On a typical day, I have breakfast at six, brunch at 9, lunch at noon…. you get the drift. I love to eat. Hunger + anger = Hanger. My son had his milk and snacks, and my husband, being the laid back guy he was, got by by eating some honey roasted peanuts and graham crackers we had brought with us. I needed something a bit more solid, and so we flagged the flight attendant to order a meal. She calmly told us that they were out of food, and would we like some crackers? I wanted to smack her with those crackers (hanger), but I politely declined to purchase crackers for $7. Daylight robbery I tell you.
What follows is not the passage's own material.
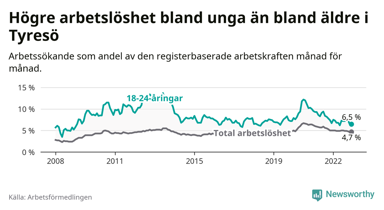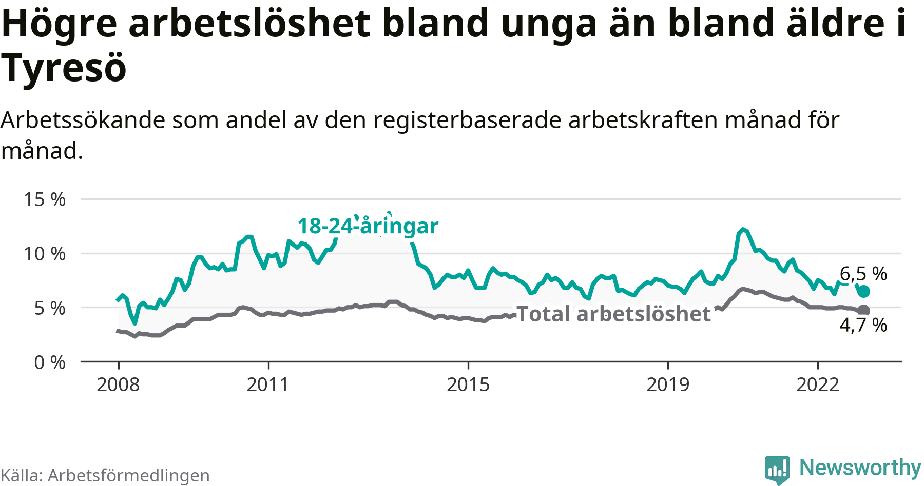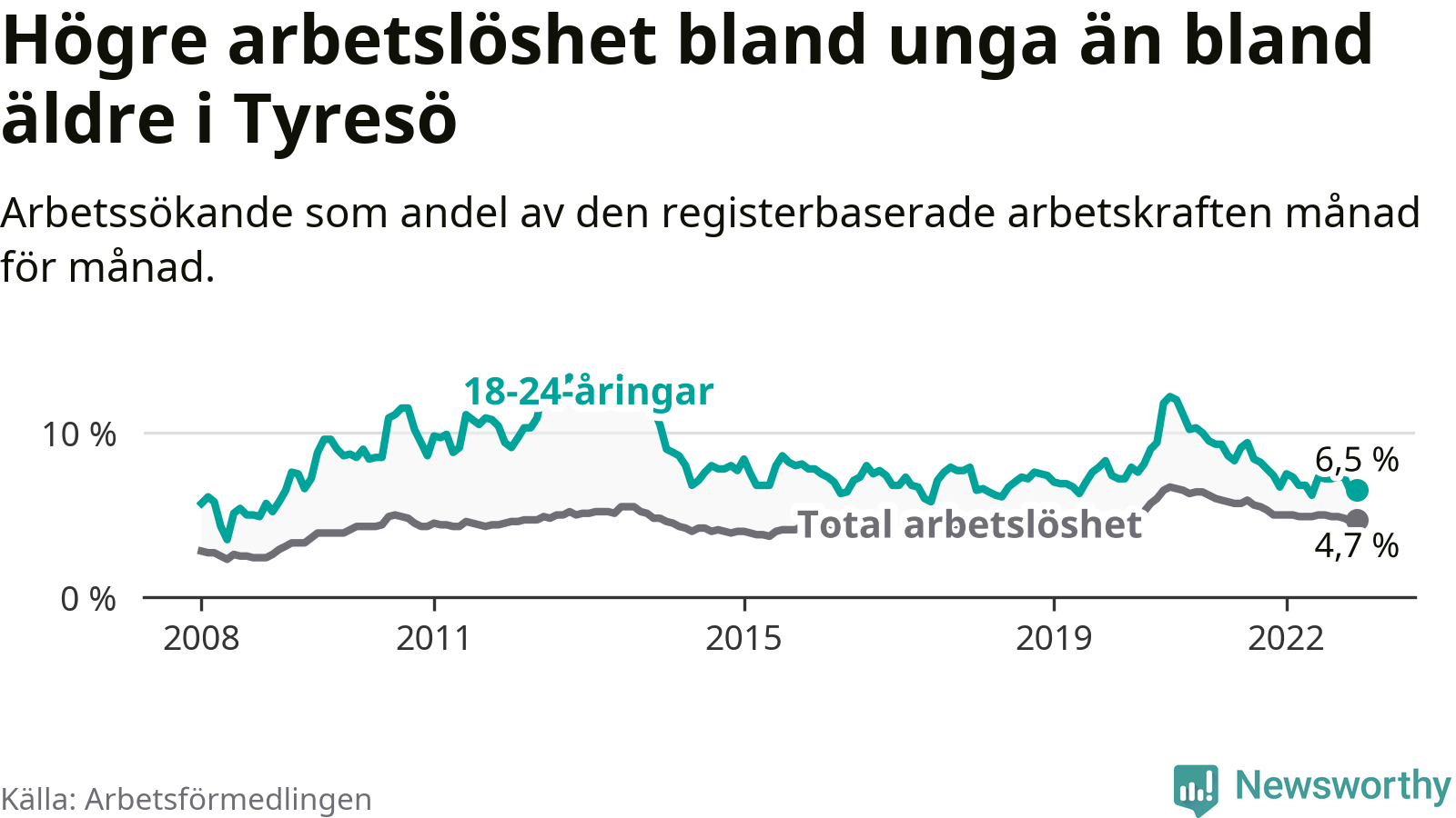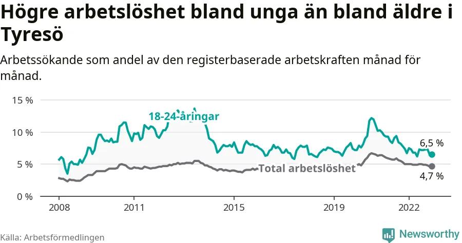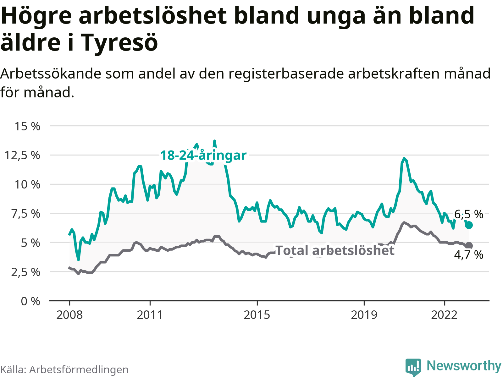 Det är 20:e månaden i följd som arbetslösheten i Tyresö är lägre än den var under samma tidpunkt året innan. Sedan april 2021 har arbetslösheten gått ner från 5,8 till 4,7 procent.

We managed to subsist on the honey roasted peanuts and soda, and finally, after a long and painful flight, we landed in beautiful Kauai. My in-laws, who we were vacationing with, were kind enough to greet us with home-made sandwiches, which I munched down in record time. Hanger partially sated, it was time to get a car rental.

Everything in Kauai is on what I call “hakuna matata” time. It means no worries, take your time. No, really, take your sweet time. We got in line, and with four people ahead of us, I thought it would take 15 minutes maximum to collect our car. How wrong I was. One hour later, we were still waiting as we heard the typewriter like printing noises of the printer, and the admonitions of the Avis attendants trying to get passengers to upgrade their vehicle of choice and/or purchase insurance because “anything can happen”. What is this, Game of Thrones?

Our turn finally came and the lady at the counter tried to offer us a minivan, which I turned down immediately. She then offered us an upgrade, which we gladly took and were finally off on our way.

Kauai is a tropical paradise, it really is. The water is a deep blue, the weather tropical and the fruit great. Hakuna matata indeed.